Let $V, W$ be $n$-dimensional $K$-vector spaces with a non-degenerate bilinear form $(\cdot, \cdot) : V \times W \to K$. We call a basis $(\beta_1, \dots, \beta_n)$ for $W$ dual to a basis $(\alpha_1, \dots, \alpha_n)$ for $V$ with respect to $(\cdot, \cdot)$ if for all $i, j$ we have $(\alpha_i, \beta_j) = \delta_{i j}$, where $\delta_{i j}$ denotes the Kronecker delta.
The above I've found is fairly standard terminology. I've seen assertions that such a dual basis always exists and it is unique, but I haven't really seen a proof.
Can anyone point me in the right direction for this proof? Is it constructive?
Best Answer
Thanks to Daniel Fischer, making everything slightly more verbose:
Existence: The bilinear form gives $\Phi : W \to V^*$, where $\Phi(w) = \lambda_w \in V^*$, for $\lambda_w(v) = (v, w)$. This is a linear map, by linearity of $(\cdot, \cdot)$. It is injective by non-degeneracy of $(\cdot, \cdot)$, and since $\dim W = \dim V^*$, it must also be surjective.

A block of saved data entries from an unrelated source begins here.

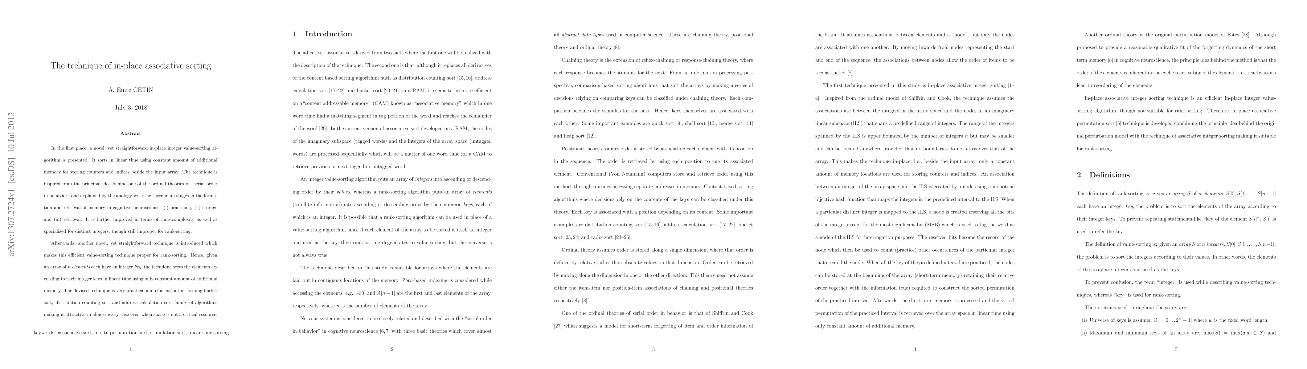 In the first place, a novel, yet straightforward in-place integer value-sorting algorithm is presented. It sorts in linear time using constant amount of additional memory for storing counters and indices beside the input array. The technique is inspired from the principal idea behind one of the ordinal theories of "serial order in behavior" and explained by the analogy with the three main stages in the formation and retrieval of memory in cognitive neuroscience: (i) practicing, (ii) storage and (iii) retrieval. It is further improved in terms of time complexity as well as specialized for distinct integers, though still improper for rank-sorting. Afterwards, another novel, yet straightforward technique is introduced which makes this efficient value-sorting technique proper for rank-sorting. Hence, given an array of n elements each have an integer key, the technique sorts the elements according to their integer keys in linear time using only constant amount of additional memory. The devised technique is very practical and efficient outperforming bucket sort, distribution counting sort and address calculation sort family of algorithms making it attractive in almost every case even when space is not a critical resource.
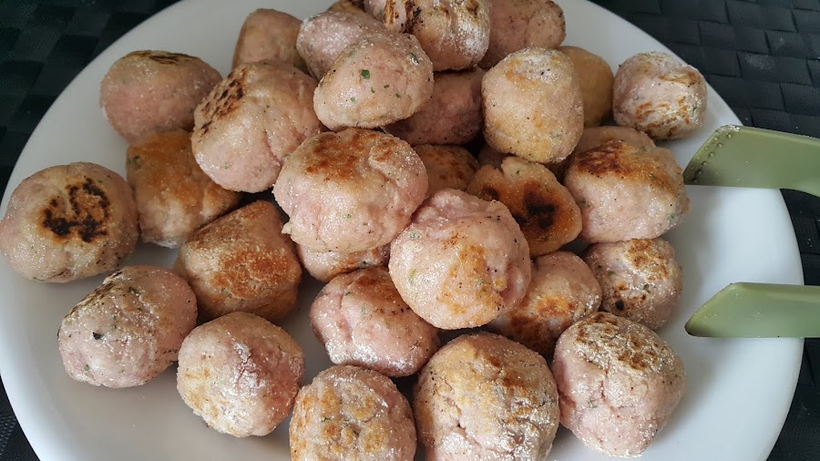 El aspecto de las albóndigas sería éste. Simplemente hemos tostado la parte exterior pero siguen crudas por dentro.
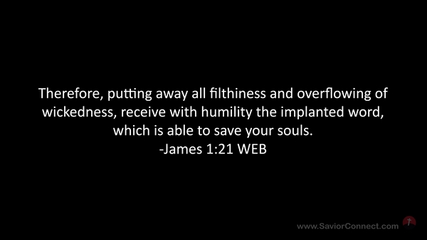 Therefore, putting away all filthiness and overflowing of wickedness, receive with humility the implanted word, which is able to save your souls. -James 1:21 WEB
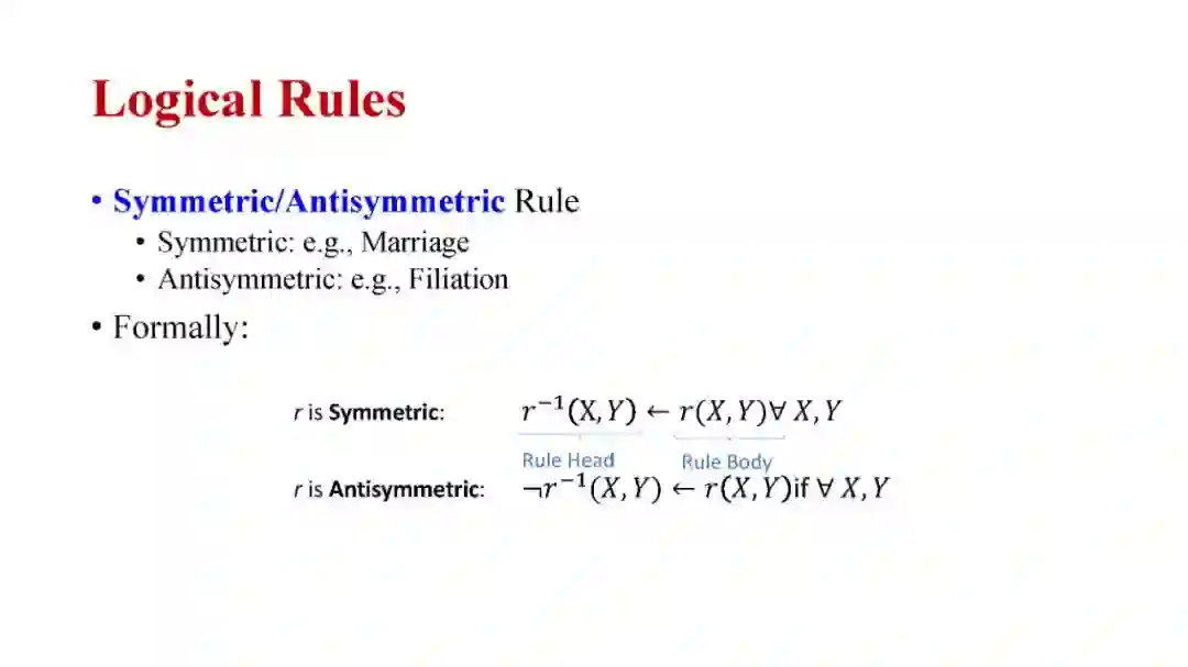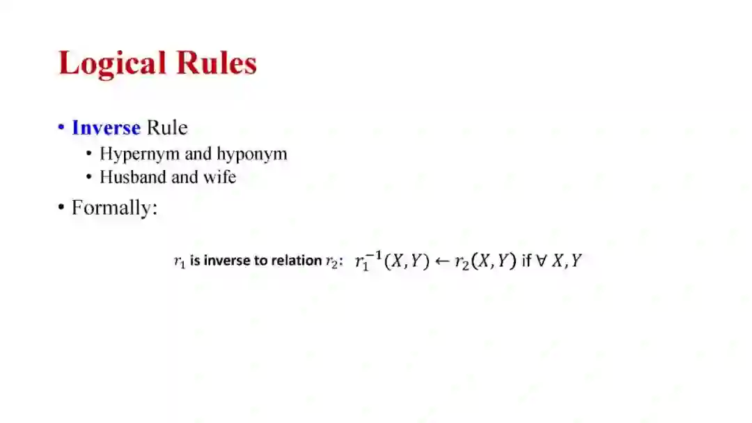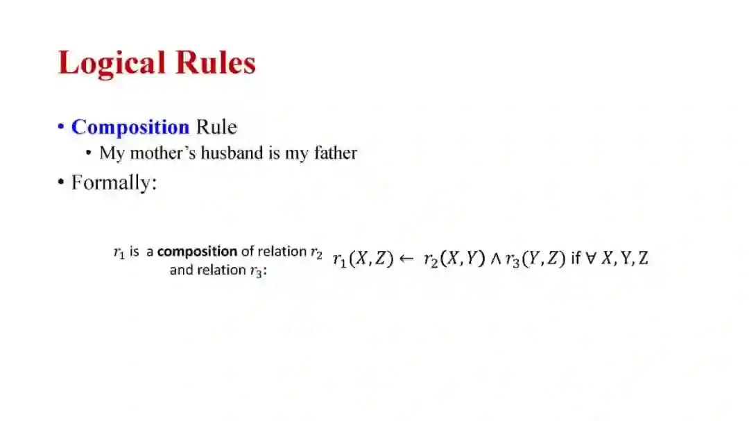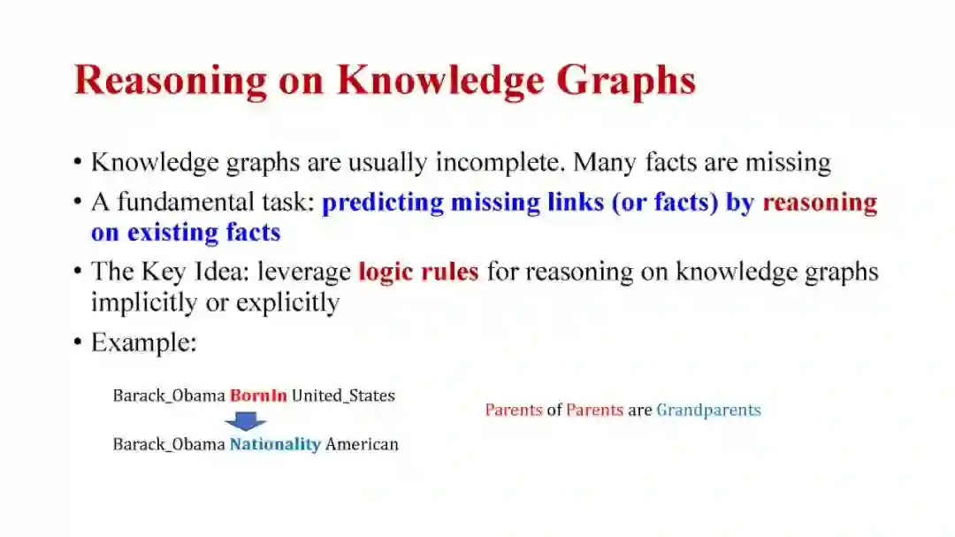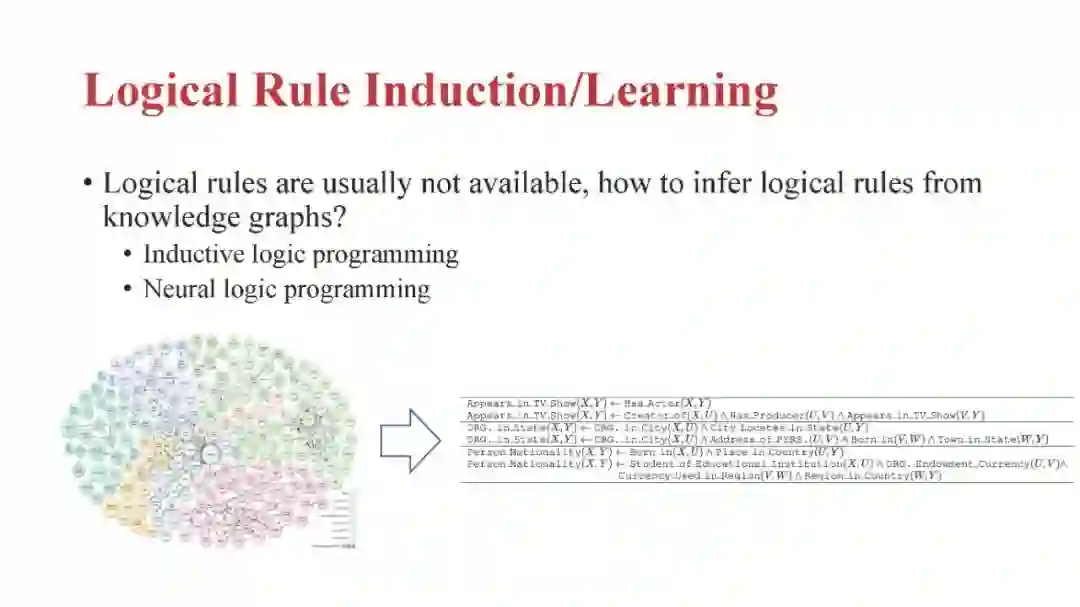 知识图谱推理是一个基础问题,在电子商务推荐、生物医学知识图谱药品再利用等领域有着重要的应用。在本教程中,我将全面介绍知识图谱推理的最新进展,包括:(1)知识图谱嵌入的方法(如TransE、TransR和RotatE);(2)传统的归纳逻辑规划方法和最新的神经逻辑规划方法;(3)结合神经和符号逻辑方法进行知识图谱推理的最新进展。
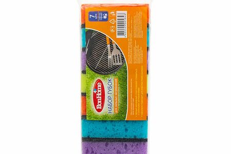 Набор губок для сильных загрязнений, BonHome, с чёрным абразивным слоем идеально подходит для очистки гриля и барбекю. Губки из крупнопористого поролона взбивают обильную пену и хорошо промываются водой. В упаковке 7 губок. Состав: поролон, абразивная фибра.
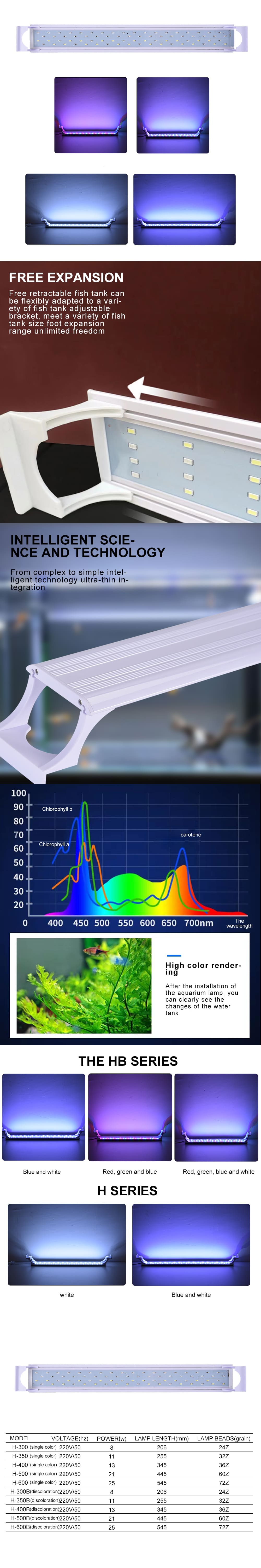 This product is made of high-strength shell material, fast heat dissipation, light and thin body, longer service life, full-spectrum LED waterproof lamp beads, strong penetrating power, simulating natural light to promote the photosynthesis of fish, water and grass to enhance the color and restore the real natural color Close to nature, the bracket can be adjusted flexibly and retractably adjust the edge of the inner frame according to the size of the aquarium, and the multi-color lighting can be selected for a comfortable and stunning landscaping effect.
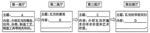 首先揣摩出题者意图,四个展厅对应四个主题,四个主题按文章顺序分别对应材料一四个部分。按这个逻辑来推导,A处对应材料一中1-4段,“瓦当的演变”对应5-8段,通过1-4段“最早”“应运而生”“开启……千年传奇”,关键词就是“由来”“产生”“起源”这一类。再结合本题的推演逻辑及生活常识,展厅一写“瓦当的由来”没有任何问题。但是另一个逻辑是主题和内容应当是高度契合的。但A项主题对应内容如“分类、制造工艺、制造工具”等在1-4段并没有直接体现,反而这些是在5-8段有所体现。再有“由来”“由来”是否能够涵盖“概念、功用、分类、制造工艺、制造工具”?这也是有逻辑问题的。所以不少同学答“瓦当的基本知识”“瓦当的介绍”也是有一定道理的。应当告诉学生的是,遇到这种情况,必须掌握一个答题技巧,就是把“由来”“基本知识”全部答上,确保万无一失。

A bijective linear map is an isomorphism, so we have a linear inverse $\Phi^{-1}$. Note for any $w \in W$ we have $$(v, \Phi^{-1}(\lambda_w)) = (v, w) = \lambda_w(v)$$ and since $\Phi$ is surjective this works for any $\lambda \in V^*$.
We can construct the dual basis of $(\alpha_1, \dots, \alpha_n)$ in $V^*$ by setting $\lambda_i(\alpha_j) = \delta_{i j}$ and taking $(\lambda_1, \dots, \lambda_n)$ (see for example Prop 1.0.2 of these notes).
Now, $(\beta_1, \dots, \beta_n)$, where $\beta_i = \Phi^{-1}(\lambda_i)$, gives a basis for $W$ that satisfies the required duality: $$ (\alpha_i, \beta_j) = (\alpha_i, \Phi^{-1}(\lambda_j)) = \lambda_j(\alpha_i) = \delta_{i j} $$ It is a basis because we're applying an isomorphism to elements that also constitute a basis.
Uniqueness: Suppose $(\beta_1', \dots, \beta_n')$ is another basis of $W$ satisfying the duality condition. Since the $\beta_1, \dots, \beta_n$ span $W$ we can write $\beta_j' = \sum_k c_{j k} \beta_k$ for all indices $j$. Applying $(\alpha_i, \cdot)$ to that equation we get: $$\delta_{j i} = \delta_{i j} = (\alpha_i, \beta_j') = \sum_k c_{j k} (\alpha_i, \beta_k) = c_{j i}$$ hence $\beta_j' = \beta_j$ for all indices $j$.